I think the key is that Jews have converted to Christianity for the last 2000 years, and dropped their Jewish identity after a couple generations, since they no longer care about marrying someone just on account of their mother's ethnic background, which is of course racism.

So you could see it as a gradual turning from the satanic evil of Judaism rather than something that occurs all at once during the "end times".

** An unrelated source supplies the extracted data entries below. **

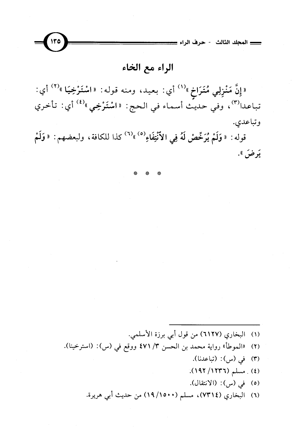 " إِنَّ مَنْزِلِي مُتَرَاخٍ" (¬1) أي: بعيد، ومنه قوله: "اسْتَرْخِيَا" (¬2) أي: تباعدا (¬3)، وفي حديث أسماء في الحج: "اسْتَرْخِي" (¬4) أي: تأخري وتباعدي.
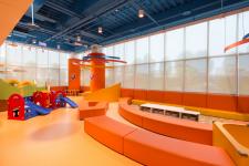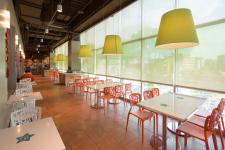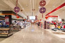 Add this experience area of each district, to create a comfortable environment and 3000K color temperature for lighting. The different colors of the district, the openness of circulation, the convenience of self-checkout, the visual open the kid's play space, the natural lighting of the rest space. The use of warm wood ceiling in the food area. Helping customer is focus on diverse merchandise, and like feeling in the European market.
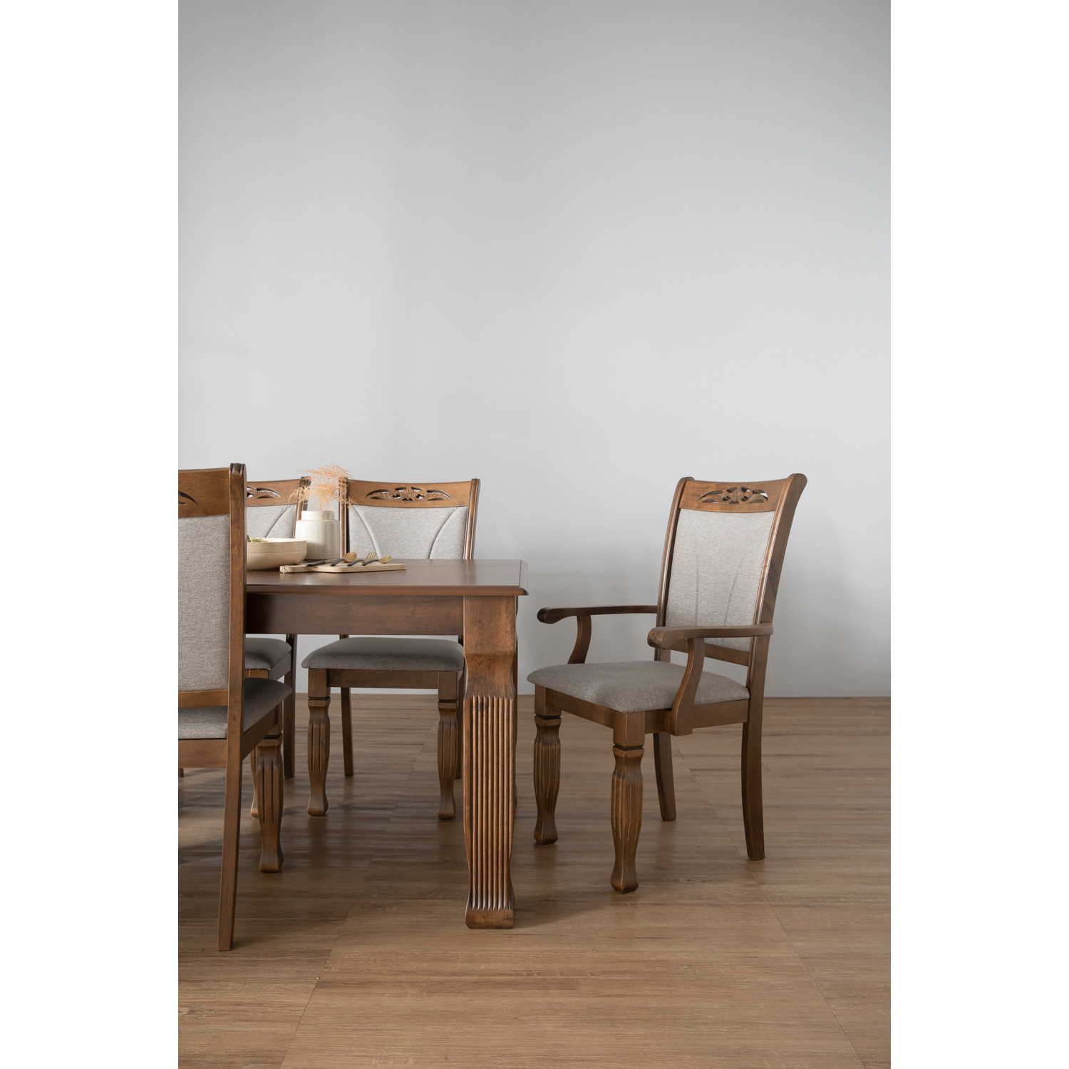 Tegus arm chair in Cocoa colour frame, Dolphin colour Dimity fabric. The Tegus Arm Chair captures Rustic warmth with Mid-Century Modern sophistication. Malaysian Oak legs in a cocoa finish provide a strong foundation, while the dimity fabric seat and backrest add comfort and elegance. With gently curved armrests and a tall, supportive back, this chair is both practical and refined, making it suitable for dining spaces or statement seating areas.

---------- Post added at 05:28 PM ---------- Previous post was at 05:22 PM ----------




Willem van Oranje said:


> that blindness in part is happened to Israel, until the fulness of the Gentiles be come in. 26 And so all Israel shall be saved:



All Israel in this case means the church!


----------



## Willem van Oranje (Sep 10, 2010)

TimV said:


> Willem van Oranje said:
> 
> 
> > that blindness in part is happened to Israel, until the fulness of the Gentiles be come in. 26 And so all Israel shall be saved:
> ...


 
Actually, I think if you follow his logic and dual use of the term "Israel" here for ethnic and spiritual Israel, respectively, what he is saying is that ethnic Israel will be saved one day. This is the "Puritan Hope" which drove 19th-century Reformed missions to the Jews. I do believe based on this passage and others that there will be a great conversion of the Jews to Christ one day.


----------



## blakerussell (Sep 11, 2010)

Thanks much for the answers fellows. They've been most helpful.


----------